でも、先生たちは、本気で潰すつもりだった。

生徒会活動なんて、無意味だと。

それは、僕らの意識が高まってきた矢先だった。


「1−4男子、殺傷事件で警察に補導」

そのニュースが飛び込んできたのは、僕が教頭に呼び出されてからたった三日後だった。

「その子は・・・水野聡(みずのさとる)って言うんだけど、コンビニの近くで、会社員のおじさんをナイフで刺して・・・本人は全面的に否定してるんだけど、誰も信じなくて・・・」

中田の目から涙が零れ落ちる。

それは、生徒会活動がつぶれる、ということに対しての涙じゃなかった。

水野君がかわいそうで泣いているのだ。

僕も、思わず泣きそうになって、ぐっとこらえた。

誰にも信じてもらえない。

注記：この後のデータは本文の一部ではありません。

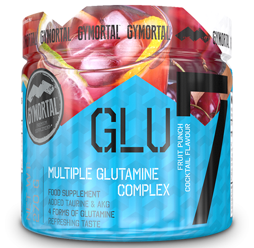 Спортивная добавка GLU 7 от европейского производителя Nutriversum содержит четыре разновидности глютамина, каждый из которых обладает разной скоростью усвоения и абсорбции. Каждая порция добавки обеспечивает организм 6000 мг глютаминовой матрицы, в состав которой входит микронизированный L-глютамин, глутаминовая кислота, L-глютамин гидрохлорид, глутамат натрия. Помимо мышечного роста и восстановления, глютамин также повышает иммунитет и способствует борьбе с вирусными заболеваниями.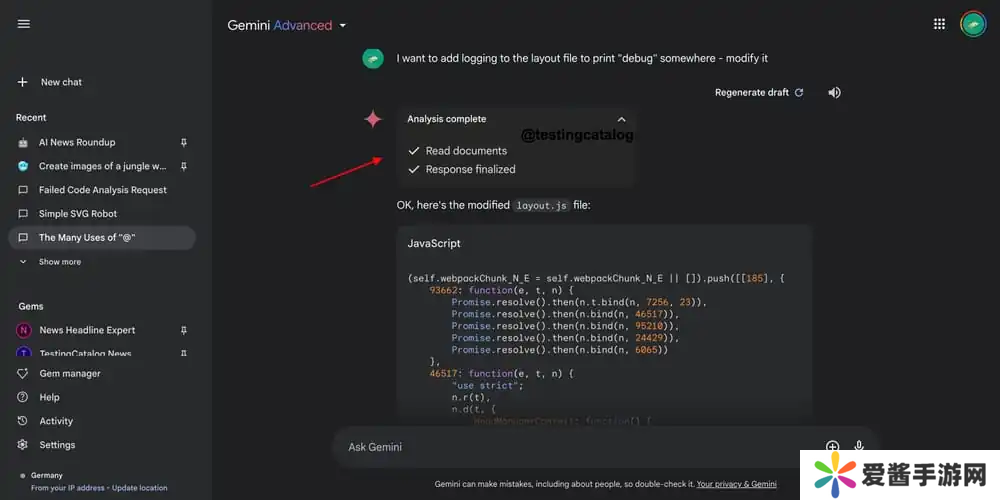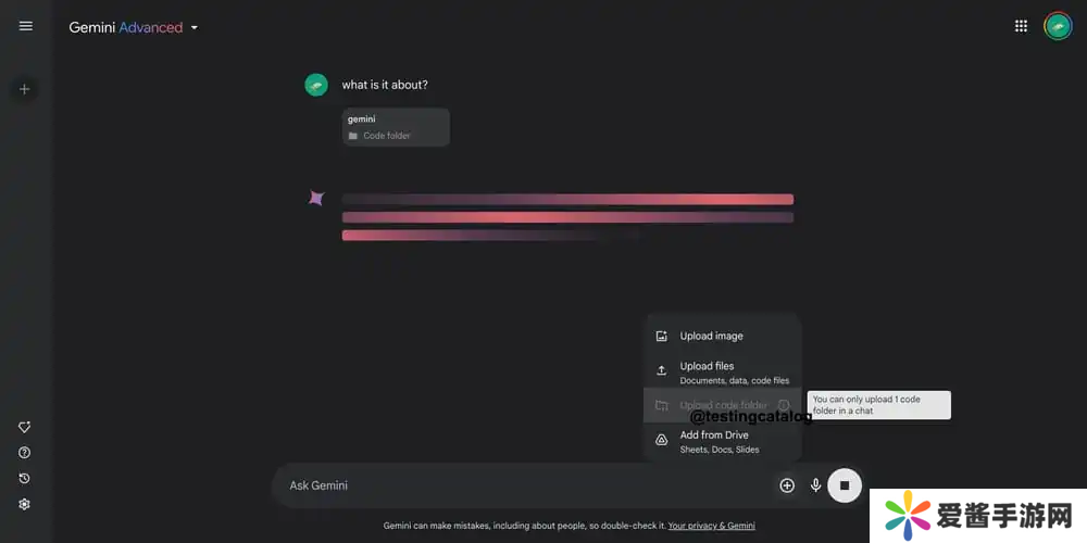 与此同时,“Testing Catalog”也在网页端的 Gemini 发现了一部分变化,详见下图。用户可以选择每个聊天中的一组文件夹,每组文件夹最多可包含 1000 个文件,且单个文件夹的总大小限制为 100MB。在上传了文件夹之后,用户便可以向 Gemini 询问关于代码库的问题。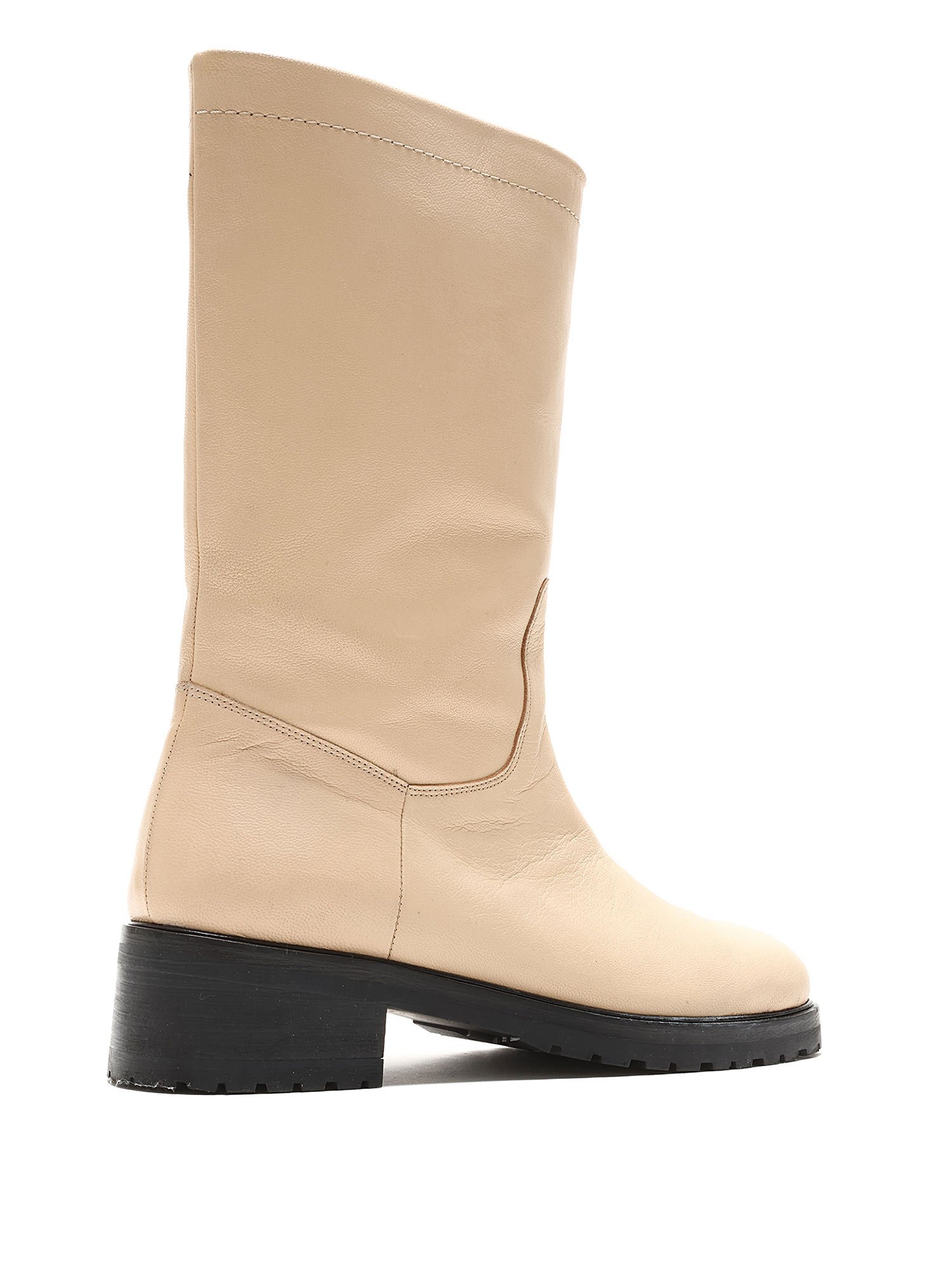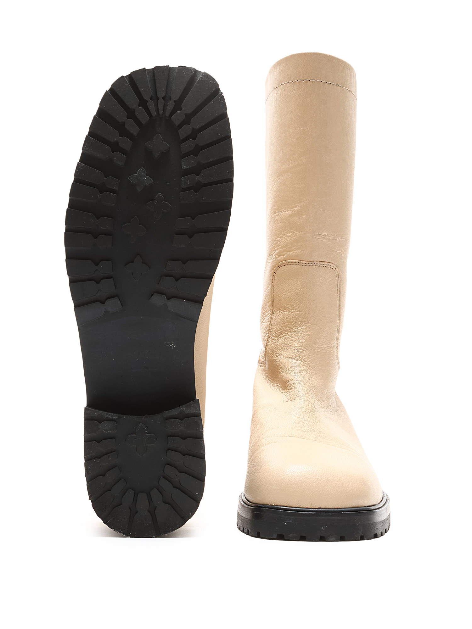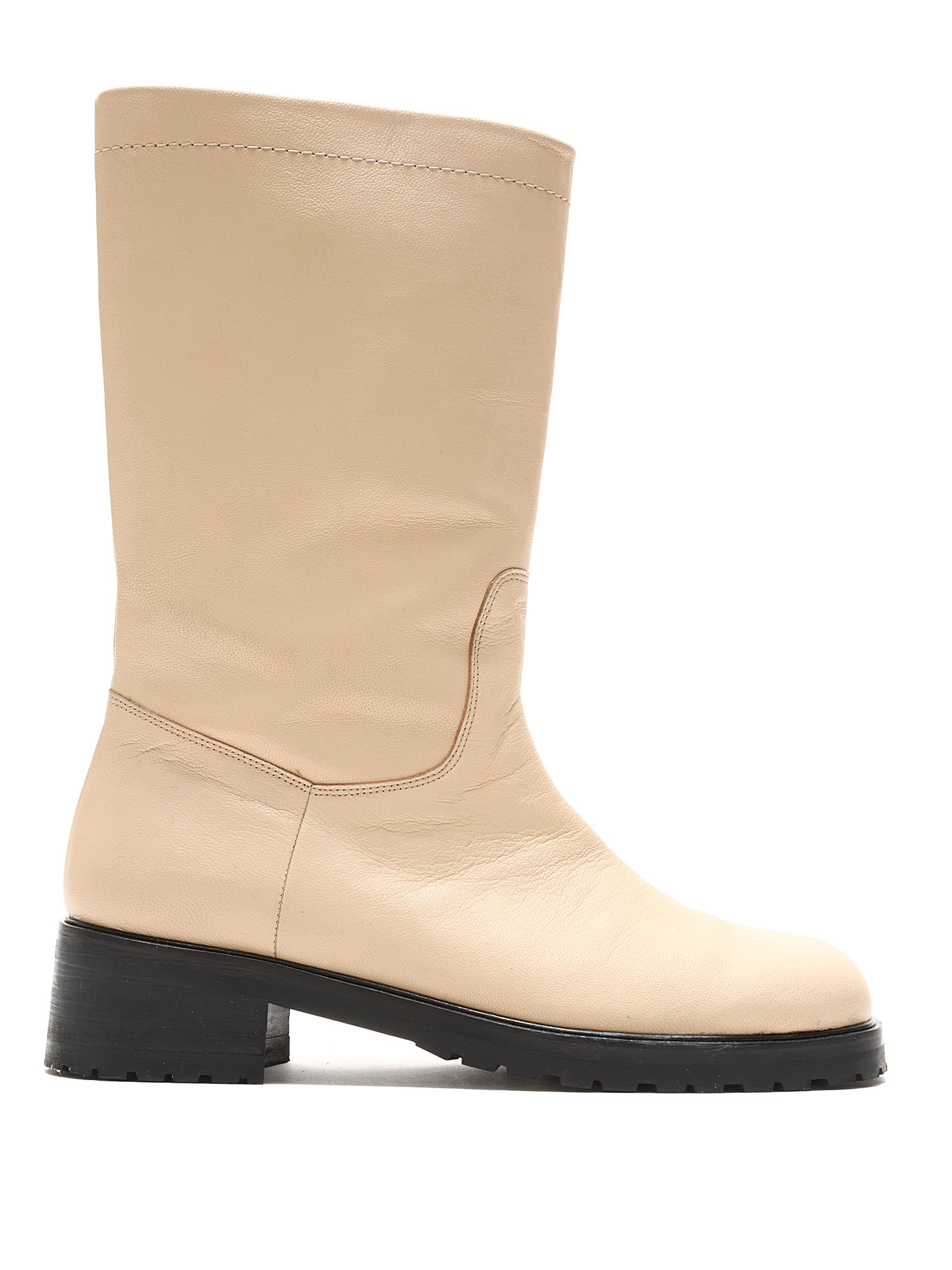 Grained leather boots in beige. Square toe design. Lug rubber sole for durability and traction.

誰からも見放されてしまったと思うのは、すごく苦しいこと。

その苦しみを、水野君は味わっている。

僕は奥歯をかみ締めた。

「それを口実で、きっと先生たちが生徒会活動を押さえに来るわ」

「でも、水野君は否定してるんでしょ?」

「それでもよ・・・先生たちも、保護者さんさえも、水野君の言うことを一つも信じてないから・・・」

「・・・」

空気が重くなった気がした。

生徒会活動が、とか言う以前の問題だ。

教師が生徒を信じない。

こんなことがあっていいのだろうか?

親が自分の子を信じない。

こんなことがあっていいのだろうか?

・・・こんなこと、あっちゃいけない。

「これが、最後の仕事になるかもしれない」

佐崎が立ち上がる。

「水野君を、僕らの力で助けるんだ」

僕らは、無言で・・・でも、しっかりとうなずいた。